(Instructions to follow) Take the listing from its first line through the line that contains "2024財(cái)年預(y" and please retype those lines exactly, leaving out the pictures.

BEGIN Source records

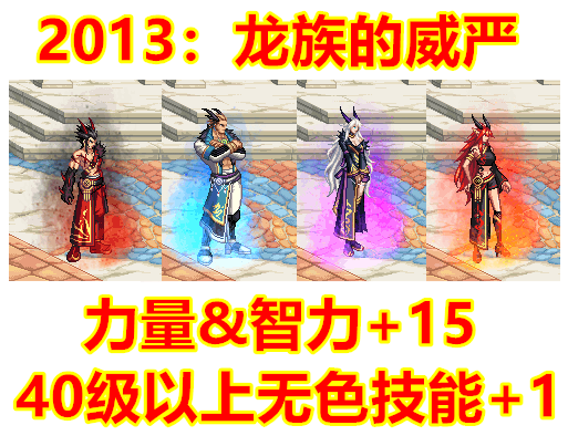 吸取了去年被玩家吐槽的教训,13年的国庆套光环属性稍作了改动,在40级以上无色技能+1的基础上加入了力量&智力+15的设定。虽说15点力智带来的提升聊胜于无,但这是一个好的开端,起码比去年加强了。
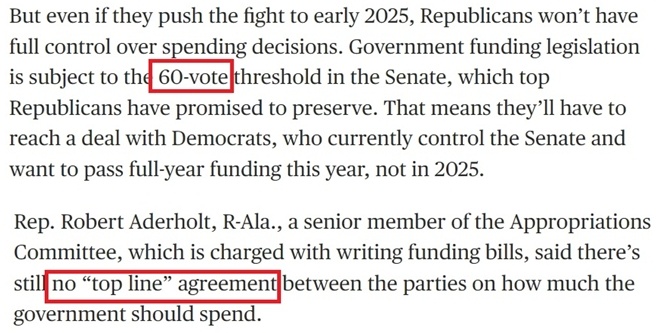 2024財(cái)年預(yù)算案就曾在驚險異常的兩黨爭斗甚至共和黨內(nèi)斗中像擠牙膏一樣折騰了整整一年時間才消?!,F(xiàn)在又輪到了早從10月就開始的2025財(cái)年的預(yù)算問題。
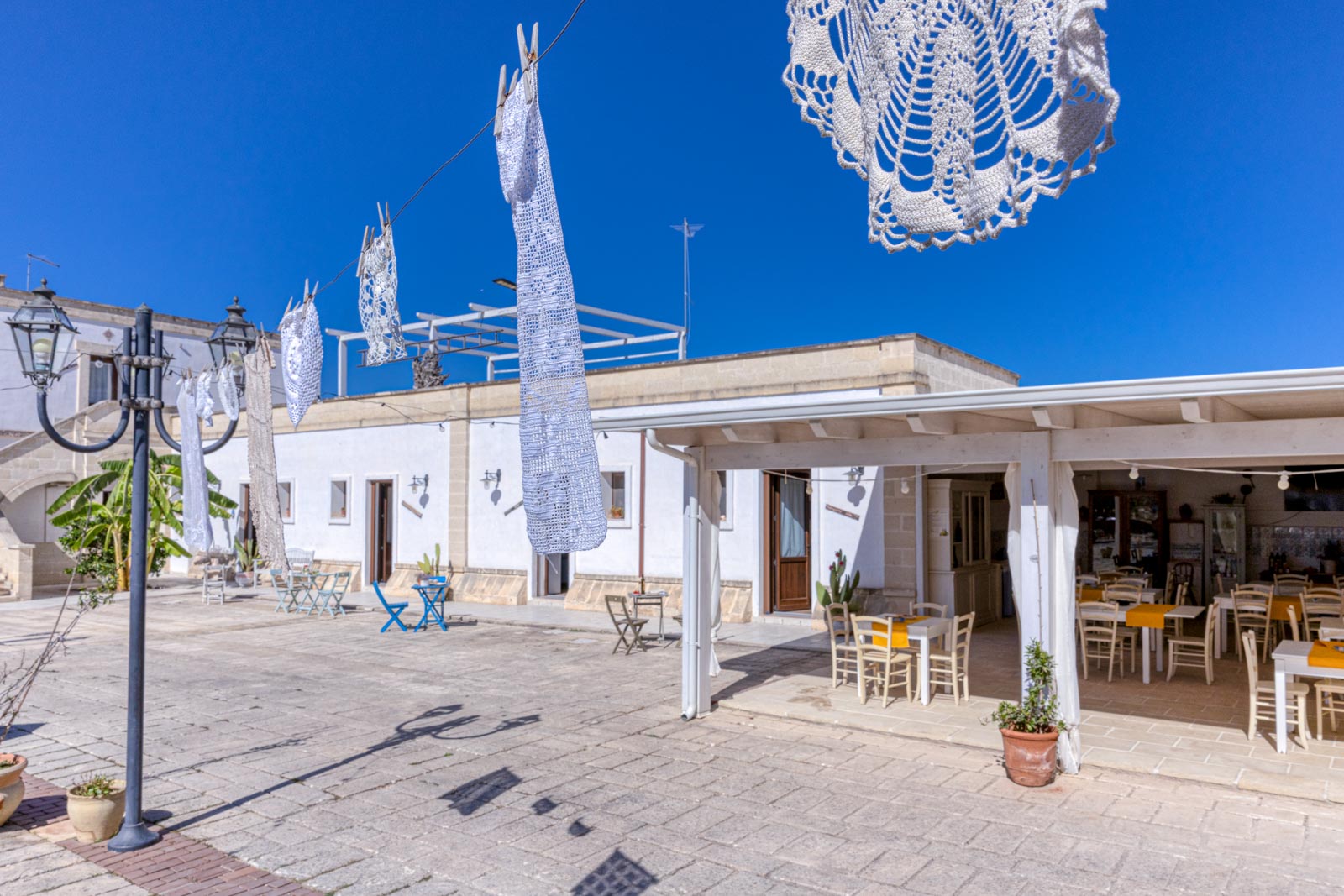 La Masseria si trova infatti al confine tra le 3 province salentine, ad 800 metri dalle spiagge di Punta Prosciutto, a 2 km dall’oasi della Salina Monaci, a 15 km da Porto Cesareo e a 45 km da Gallipoli e da Lecce.
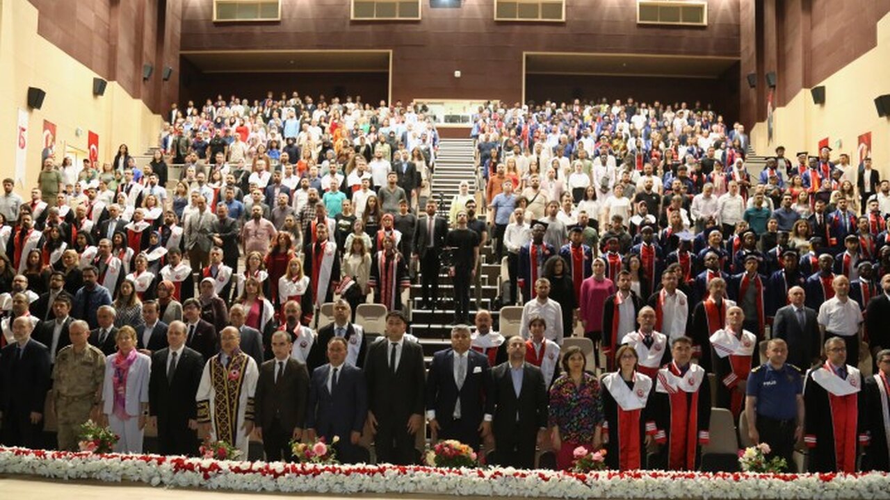 Tanıtım filmi gösteriminin sonunda üniversite ve fakülteler birincisi İlahiyat Fakültesi öğrencisi Kübra Taşar, yaptığı mezuniyet konuşmasında şunları söyledi: “Öğrencilik hayatımız bitmiş olsa da ilim yolunda ilerleyecek olan bizler öğrenme vazifemizi her alanda devam ettirmeliyiz. Çünkü biz cılız bir mum ışığı kadar, ışık saçan ya da aydınlığıyla gözümüzü kamaştıracak olan gelecek nesillerin mimarları olacağız. Bunun için de gençken ilim ağacımızı dikeceğiz ki ihtiyarlığımızda da gölgesinde barınacağımız bir ağacımız olacak. Hazreti Ali'nin de dediği gibi ilim, maldan daha hayırlıdır. Mal harcamakla biter, ilim ise paylaşmakla artar. Bizler de bitecek olan mal peşinde değil, paylaştıkça artacak olan ilmin peşinde koşan ilim sahipleri olmalıyız. Değerli arkadaşlarım, bugün yeni hayatımızın hep birlikte ilk adımını atıyoruz. Geleceğimizi güzelleştirmek için hepimiz çok çalıştık ve senelerce emek verdiğimiz bu yolun son virajındayız. Unutmayalım ki her yeni başlangıç, yeni bir umudu da beraberinde getirir. Bugün burada olan siz kıymetli misafirlerimize, değerli hocalarıma, sevgili arkadaşlarıma ve her zaman yanında olarak buralara kadar gelmeme vesile olan anneme ve babama ve desteklerini benden esirgemeyen sevdiklerime en içten teşekkürlerimi sunuyorum.” Taşar, konuşmasının ardından tüm mezunlar adına mezuniyet kütüğüne plaka çaktı.
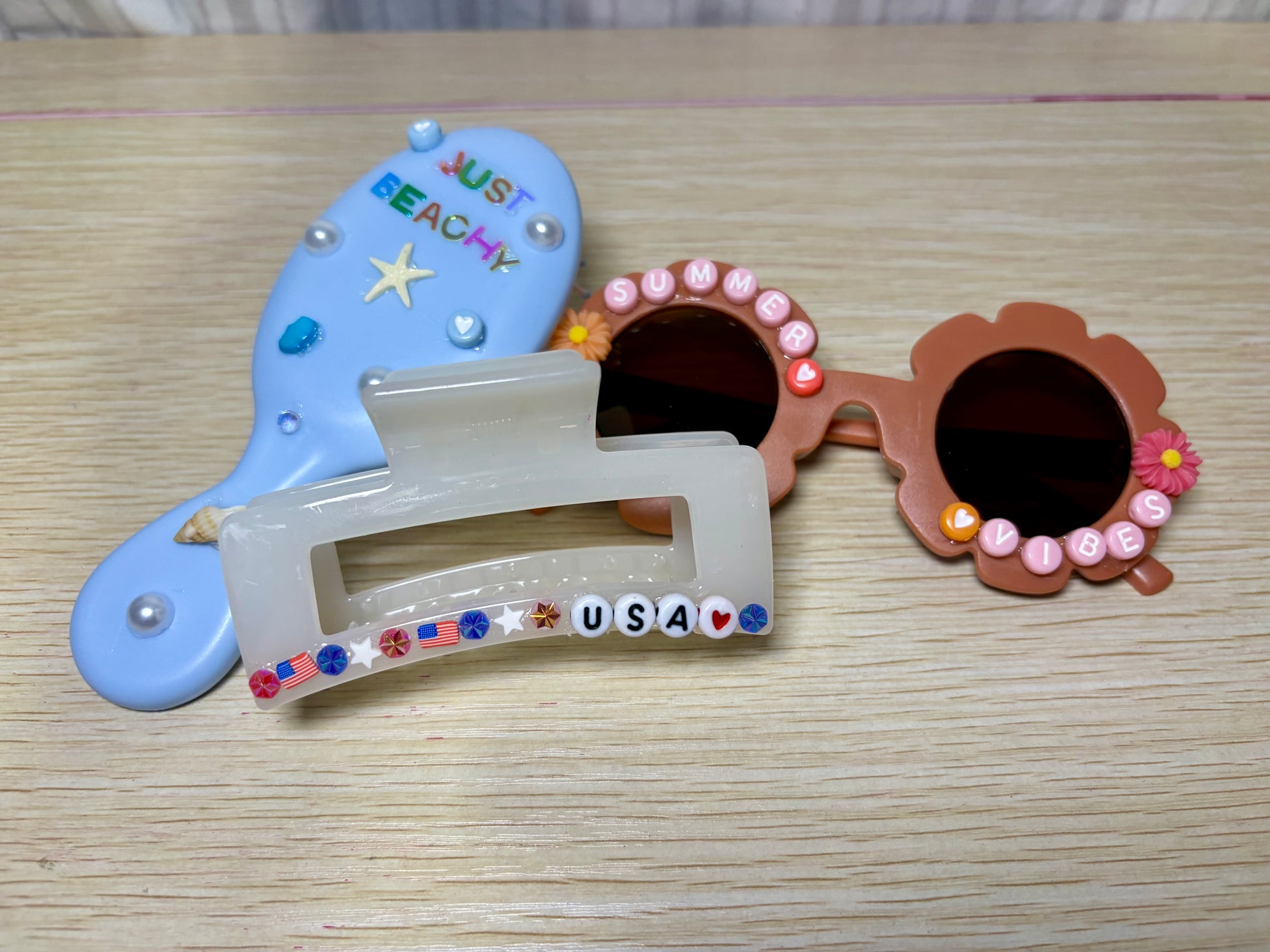 DIY Accessory Decorating Kit – Beads & Bling for Sunnies or Hair Clip + Mini Brush

END Source records

(Reply to the exercise)
 吸取了去年被玩家吐槽的教训,13年的国庆套光环属性稍作了改动,在40级以上无色技能+1的基础上加入了力量&智力+15的设定。虽说15点力智带来的提升聊胜于无,但这是一个好的开端,起码比去年加强了。
 2024財(cái)年預(yù)算案就曾在驚險異常的兩黨爭斗甚至共和黨內(nèi)斗中像擠牙膏一樣折騰了整整一年時間才消?!,F(xiàn)在又輪到了早從10月就開始的2025財(cái)年的預(yù)算問題。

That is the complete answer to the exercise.